Forum Moderators: phranque

Message Too Old, No Replies

weird log file entries

         

roshaoar

1:26 pm on Apr 3, 2014 (gmt 0)

10+ Year Member



Hello,

Can anyone point me to a site or information which explains what's going on with some of the really weird page log entries I get on my site?

There's so much talk of malicious bots, bad IPs, hacking and whatnot that I don't really always know what I'm looking at and why. 404s for images and page strings that have never existed. Automated scripts accessing a tree of urls that don't exist. Backend commands in urls - all that.

Anyone?

Thx

wilderness

3:41 pm on Apr 3, 2014 (gmt 0)

WebmasterWorld Senior Member 10+ Year Member Top Contributors Of The Month



This may help:
Default User Agents of Programming Libraries and Command Line Tools [webmasterworld.com], however simply learning to recognize standard visitors and comparing the non-standards to same is an ongoing process.

lucy24

6:41 pm on Apr 3, 2014 (gmt 0)

WebmasterWorld Senior Member 10+ Year Member Top Contributors Of The Month



Remember this line: "Never attribute to malice that which can be adequately explained by stupidity." The weirder requests can generally be attributed to stupid robots following bad programming. They get a shopping list that names such-and-such pages-- and then the domain name gets garbled and they ask for the same pages at some other site. Sometimes the bogus URLs are so specific, you can even look them up and figure out what site the robot thought it was on! (I don't think there's any reason for doing this other than personal amusement, though.)

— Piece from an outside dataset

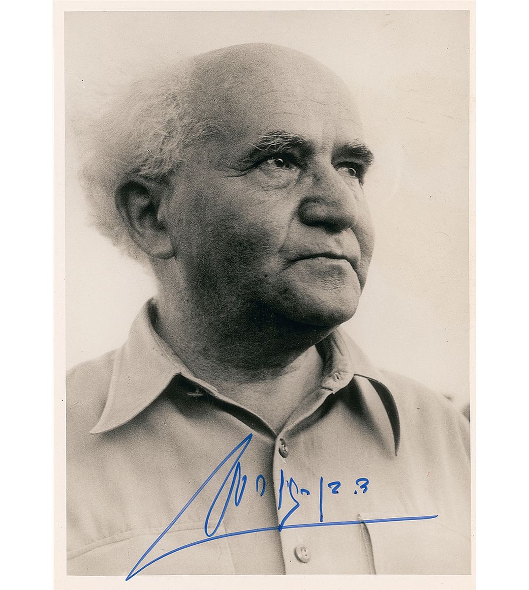 Glossy 5 x 7.25 photo of Ben-Gurion casting a pensive gaze, signed in blue felt tip. In fine condition.

If you get requests for anything involving /wp-admin/ or similar, that's another type of robotic shopping list. They simply take the 50 or so likeliest filenames and attach them to any domain under the sun.

One-off requests with weird query strings are preliminary tests. If the request gets the desired response-- such as being able to PUT something they've no business PUTting-- they'll be back later with a much longer list.

Personally: I don't block IP ranges upfront, unless it's something like Hetzner or OVH where you already know that nothing good will come of it. Also the entire nation of China. If I do get an offensive visitor, I look up what I know. If it turns out to be a server farm, or it belongs to Eastern Europe-- this is obviously subjective-- they get blocked.

roshaoar

7:09 pm on Apr 3, 2014 (gmt 0)

10+ Year Member



Yeah, this sort of sums up what I do as well Lucy. Not all of China though, just about 25 or so spans!

You've hit it on the head with stupidity btw. Some of the entries do look like a bot or browser having a really bad day, programming errors of sorts.

I also have a list of about 50 of these CMS wp-admin type request that I just block. But then they all 404 on "File does not exist: /var/www/error" - not sure what I'm not doing that I should be :)

lucy24

8:09 pm on Apr 3, 2014 (gmt 0)

WebmasterWorld Senior Member 10+ Year Member Top Contributors Of The Month



That sounds like the server looking for a custom 403 page and not finding it. But it would only come through in logs as a 404 if the ErrorDocument directive was malformed, such as by including a full protocol-plus-domain.